• **EXTRACTED MATERIAL**:
========================
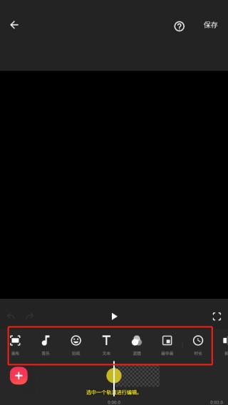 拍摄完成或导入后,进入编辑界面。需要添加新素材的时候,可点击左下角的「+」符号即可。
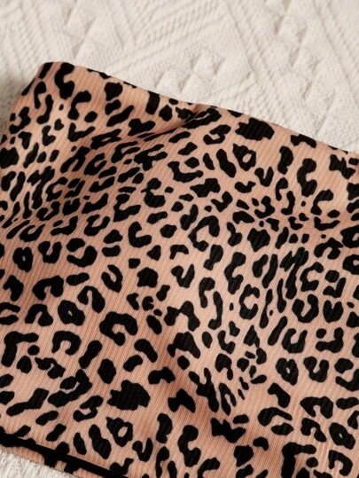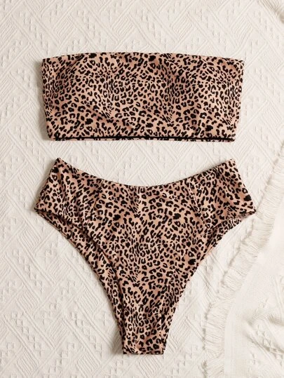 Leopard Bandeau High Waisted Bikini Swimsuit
========================
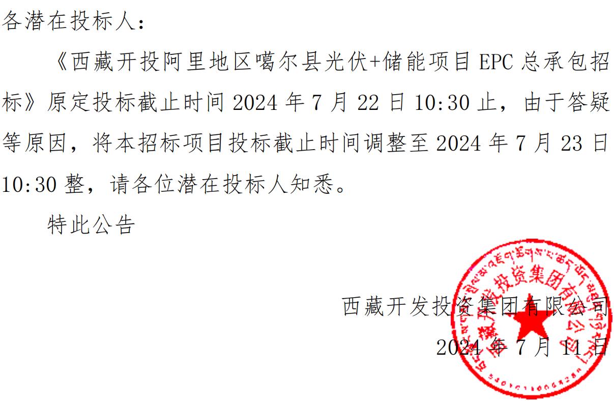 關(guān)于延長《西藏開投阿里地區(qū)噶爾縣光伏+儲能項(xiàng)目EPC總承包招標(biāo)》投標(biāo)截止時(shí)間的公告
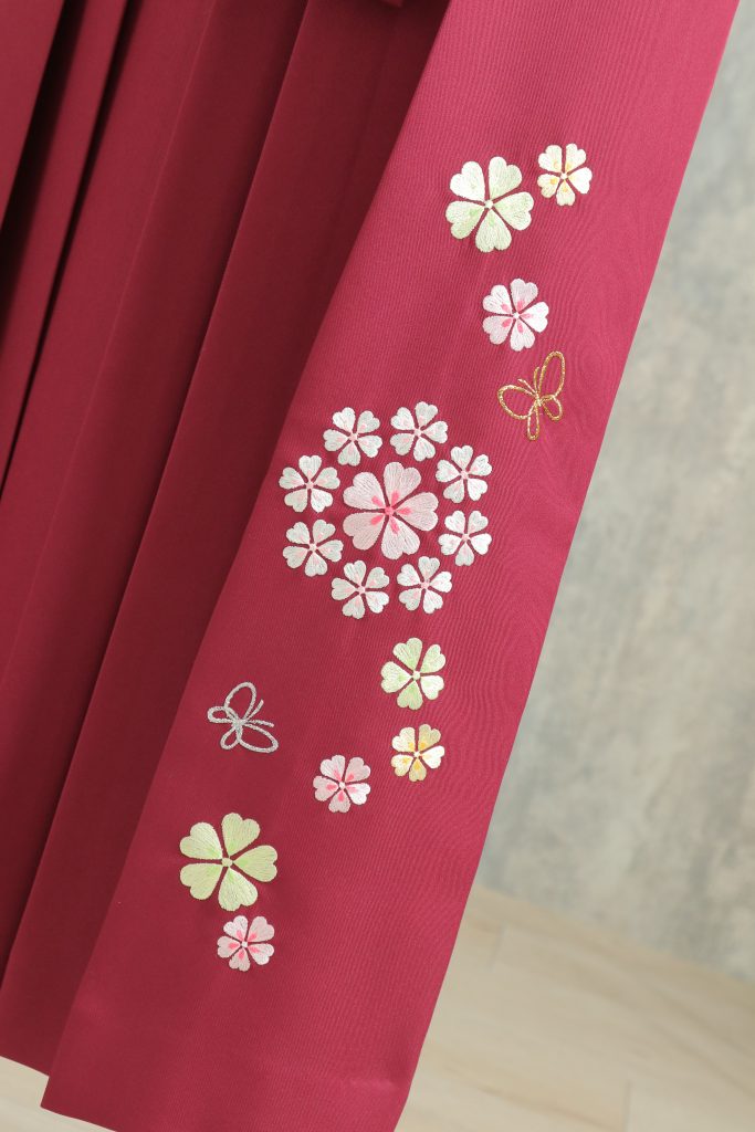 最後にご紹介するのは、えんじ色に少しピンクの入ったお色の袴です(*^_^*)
========================
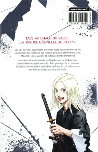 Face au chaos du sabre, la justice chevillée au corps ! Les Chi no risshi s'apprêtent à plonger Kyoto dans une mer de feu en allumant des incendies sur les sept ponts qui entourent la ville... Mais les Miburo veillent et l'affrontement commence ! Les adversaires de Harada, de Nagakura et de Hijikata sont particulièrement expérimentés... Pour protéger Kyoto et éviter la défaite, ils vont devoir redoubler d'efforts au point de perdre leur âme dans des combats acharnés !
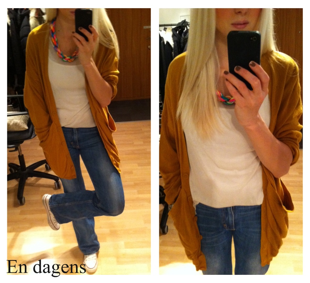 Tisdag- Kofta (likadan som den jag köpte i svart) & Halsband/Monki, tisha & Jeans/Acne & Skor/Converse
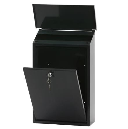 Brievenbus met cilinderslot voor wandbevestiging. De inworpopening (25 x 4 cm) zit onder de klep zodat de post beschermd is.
========================
• **TASK BRIEF**: From the records above, transcribe exactly the lines starting at the one containing "關(guān)于延長《西藏開" and ending at the one containing "最後にご紹介するのは、えんじ色に少しピンクの入ったお色の袴です(*^_^*)". Skip the pictures.

• **WRITTEN ANSWER**:
 關(guān)于延長《西藏開投阿里地區(qū)噶爾縣光伏+儲能項(xiàng)目EPC總承包招標(biāo)》投標(biāo)截止時(shí)間的公告
 最後にご紹介するのは、えんじ色に少しピンクの入ったお色の袴です(*^_^*)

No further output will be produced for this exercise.